In this study, the focus was put on the differentiation between cartilage and cortical bone tissue. The aim was to establish the basis for a laser surgery feedback control mechanism, in order to broaden the scope of applications for clinical laser systems and to make their use safer and more efficient. To achieve the tissue differentiation, the atomic composition of the different samples was qualitatively analyzed by monitoring the plasma created during the laser ablation procedure. This was achieved by using a nanosecond-pulsed probing laser that is supposed to be used in addition to the surgical laser system.
During the deposition of a short laser pulse of sufficient energy on the surface of biological tissue, ablation of the material, followed by plasma formation, can be observed. The plasma formation results from the matrix effects initiated by the absorption of the laser energy by the ablated material [33]. When the plasma expands in the ambient air, relaxation of the plasma plume by different processes - one of which is the recombination of the free electrons with the positive ions - occurs [34]. This recombination is a radiative process which provides a continuum emission in addition to the bremsstrahlung. Another radiative process is the atomic emissions due to transitions between the different energy levels of an element from which spectrometric measurement can provide qualitative information on the atomic composition of the investigated biological samples. In addition, LIBS can also be used to provide information about the relative quantitative elemental composition of the samples. This is achieved by investigating the ratio between the intensity levels of the atomic emission lines: high concentrations of an element yield a higher intensity of the characteristic elemental emission spectra [35, 36]. In this study, the approach on the differentiation between cortical bone and cartilage was based mainly on the statistical analysis of the collected spectra. These spectra intrinsically possess the information of the different concentration levels of the elements found in both tissues. Another approach was to achieve differentiation based on the ratio between the spectral emission lines of defined elemental pairs.
2. Materials and methods
2.1 Animal model and sample preparation
This study used sagittal bisected heads of 6 domestic pigs, 6 months of age on average. The animals were obtained from the local slaughterhouse. Therefore, approval from the ethics committee was not necessary. All animals were free of local or systemic diseases that could have altered the results. The sample preparation and experimental procedure was conducted on the day of slaughter within a maximal ex-vivo time of 6 hours. The ex-vivo time was kept within this time frame to prevent tissue alteration due to exsiccation or protein degradation.
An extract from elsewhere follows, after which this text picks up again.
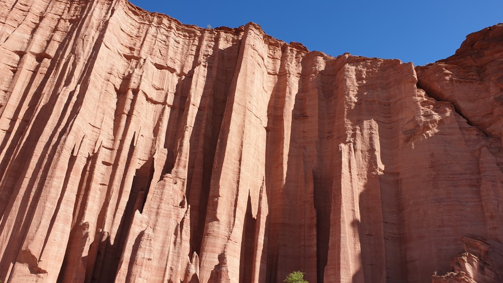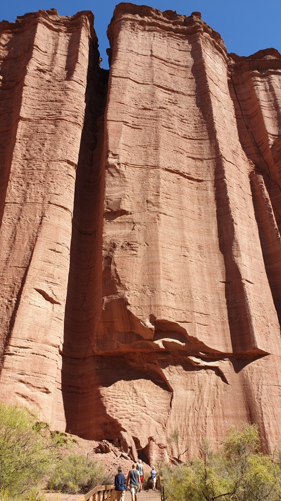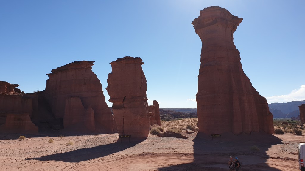Am Mittag führt uns die Fahrt weiter zum nächsten Nationalpark. Talampaya heisst er, ist knappe 80 Kilometer entfernt, und befindet sich grob gesagt oben auf dem roten Gesteinsmassiv, welches das Valle de La Luna nach Osten abgrenzt.

For the cartilage samples, the hyaline cartilaginous support of the outer ear (regio helix- auriculae) was chosen. A 3x3 cm2 sample was cut out using surgical scissors, the covering skin and perichondral tissue were removed mechanically using a raspatory.
The cortical bone samples were raised from the ascending branch of the mandibular bone (ramus ascendens os mandibulare). The skin and muscle tissue holding the mandible were severed using a scalpel. The whole mandibular bone, together with the condyle, was then exarticulated and cleaned from the remaining tissue, again using a raspatory. For the cortical bone samples, squares of approximately 3x3 cm2 were cut out of the bone using water cooled band saw. After preparation, the samples were rinsed with sterile saline solution to remove remaining blood or tissue particles and then stored inside a sealed, opaque container at 4°C.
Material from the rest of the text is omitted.